**EXERCISE DETAILS**
Exclude the pictures and transcribe the rest of the data below exactly.

-------- COLLECTED DATA --------

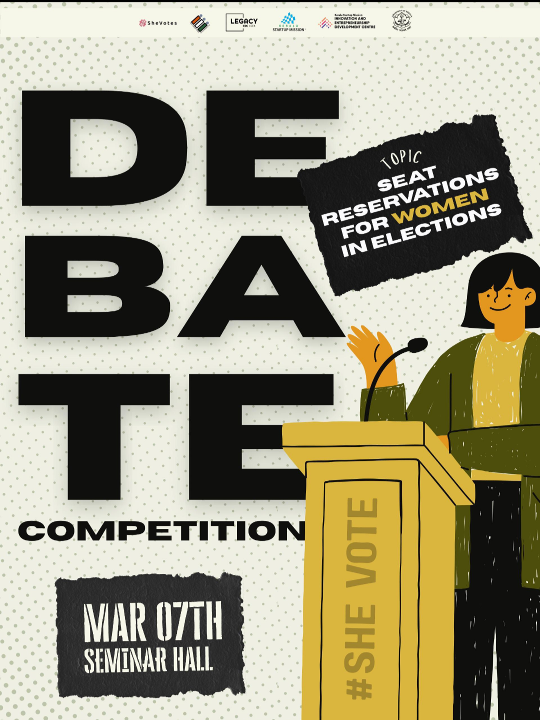 *Seat Reservations for Women in Elections*🗳️ The debate on seat reservations for women in elections sparks discussions on gender equality, representation, and meritocracy. Does reserving seats empower women or create a system of dependency rather than merit-based selection? Join us for an engaging debate where perspectives will clash, ideas will be challenged, and new insights will emerge! Be part of the conversation. Let your voice be heard!🗣️📈
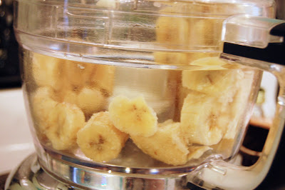 Place bananas in food processor… Please make note that your food processor will most likely “jump” when you start it up… give it a few seconds and it will stop. Also do not try this recipe in the blender because the results will not be the same.
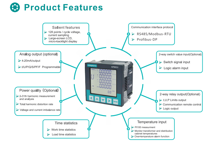 KPM53 series of three-phase smart power meter with accurate measurement of power parameters, the instrument uses advanced ARM processor and digital signal processing technology designed from the set of three-phase electrical parameters measurement, display, power statistics, power quality analysis, digital input / Output and network communications in one; with high precision, strong isolation, stable performance, anti-interference ability and a little; the instrument also has a very strong expansion capabilities, such as monitoring of external switching action, 4-20mA analog output, but also The network management of the instrument can be realized through RS-485 / Modbus communication protocol.

--------

**RESULT FOR THIS EXERCISE**
 *Seat Reservations for Women in Elections*🗳️ The debate on seat reservations for women in elections sparks discussions on gender equality, representation, and meritocracy. Does reserving seats empower women or create a system of dependency rather than merit-based selection? Join us for an engaging debate where perspectives will clash, ideas will be challenged, and new insights will emerge! Be part of the conversation. Let your voice be heard!🗣️📈
 Place bananas in food processor… Please make note that your food processor will most likely “jump” when you start it up… give it a few seconds and it will stop. Also do not try this recipe in the blender because the results will not be the same.
 KPM53 series of three-phase smart power meter with accurate measurement of power parameters, the instrument uses advanced ARM processor and digital signal processing technology designed from the set of three-phase electrical parameters measurement, display, power statistics, power quality analysis, digital input / Output and network communications in one; with high precision, strong isolation, stable performance, anti-interference ability and a little; the instrument also has a very strong expansion capabilities, such as monitoring of external switching action, 4-20mA analog output, but also The network management of the instrument can be realized through RS-485 / Modbus communication protocol.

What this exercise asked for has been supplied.